Make Sure Your Trains Are Running

In an article written by Gregory Ciotti about the magic of the Disney experience he tells us of Walt Disney’s primary concern in creating a great experience and it’s one event planners can take to heart:

“Think of process as a railroad engine. If the engine does not run properly, it does not matter how friendly the conductor acts or how attractive the passenger cars look, the train will still not move and the passengers will not pay their fares. Process is the engine of quality service.”

At the most basic of levels you need to ensure every need is met and the event is as you claim it to be. Everything works (some of that is in your control, some not) or there’s a solution if it doesn’t.

Host at an Amazing Venue

An amazing venue needn’t be the most expensive ballroom in town. There are tons of unique spots that you can select for a memorable experience and greater entertainment value. Pop-up venues are very trendy right now. If you host your event somewhere out of the ordinary, you can bet people will be talking about it. Can you hear those marketing dollars going down?

Using Awesome Tech

One of the easiest ways to make a big impression is using amazing technology. Your event app, the audio visual experience you provide, and the tech behind your entertainment can make a big impression. Attendees sharing their tech experience on social media… guess what that means for your marketing spend?

Surprising and Delighting

The Internet is filled with stories of the hospitality industry surprising people. Maybe you’ve seen the video/pictures of a lost stuffed bunny who spends a whirlwind day of fun with hotel employees (the pictures prove it) before being handed back to the little girl who left her furry friend behind.

As an event planner there are countless moments where you can surprise and delight your attendees on a small scale. When this happens, they’ll likely share it on a large scale. And that means…. more free word-of-mouth marketing.

Use Multisensory Experiences

This is one reason you don’t want to cut your F&B budget. Humans are stimulated by all five of our senses. But appealing to your attendees’ sense isn’t just about fueling them up with delicious foods. You can also limit the stimulation of some senses to deepen the experience of others, like darkening a room for a more impactful audio experience. When you take this approach, you catch people off guard, which means they pay more attention to what’s going on around them. An event that boasts a multisensory experience will be talked about for a long time, improving brand perception and free marketing.

Don’t End with the Closing Keynote

Often event planners of multi-day events end their event with a big finale. This could be top-line entertainment, a keynote, or a final gala that everyone looks forward to. But just like a kid on the day after their birthday, there’s a natural let down that occurs when the most exciting part is over.

You can avoid this by keeping the experience going. No, your event can’t go on forever but you can create a space where it does. Use social media or a private online community to continue the excitement everyone experienced at your event. Help them stay connected to people they met and you’re already improving retention for next year.

If your event doesn’t lend itself to a community or continuing the conversations on social media, then continue to delight attendees after the final entertainment is complete. Help people feel the magic as they’re sitting in their desk chair the next morning.

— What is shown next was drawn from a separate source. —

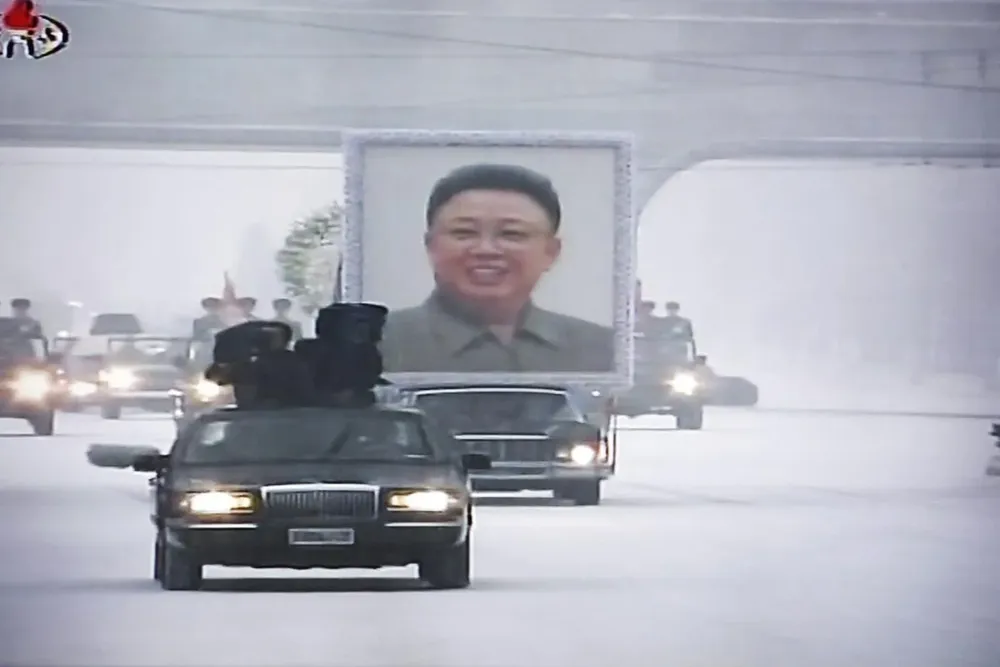 Abría la comitiva un vehículo con un gran retrato de unos tres metros de alto de un sonriente Kim Jong-il, seguido de otro con una gran corona de flores en el techo que anticipaba la marcha del coche fúnebre principal, escoltado por efectivos motorizados de las Fuerzas Armadas.

If they had a wonderful time, they’ll still be thinking about it and your communication will be well received, so don’t miss this opportunity to reach out again.

In Conclusion

When you create an amazing event experience, you can scale back on the marketing spend. Word-of-mouth marketing is one of the most powerful tools an event planner has at his/her disposal. In order for it to be successful, you not only must create an amazing event, but you must give people the tools they need to provide easy reviews, hashtags, picture opportunities and other ways for them to share their experience. While all of these things take time, they are free. When you concentrate on giving people experiences that give them reasons to talk and share, they will.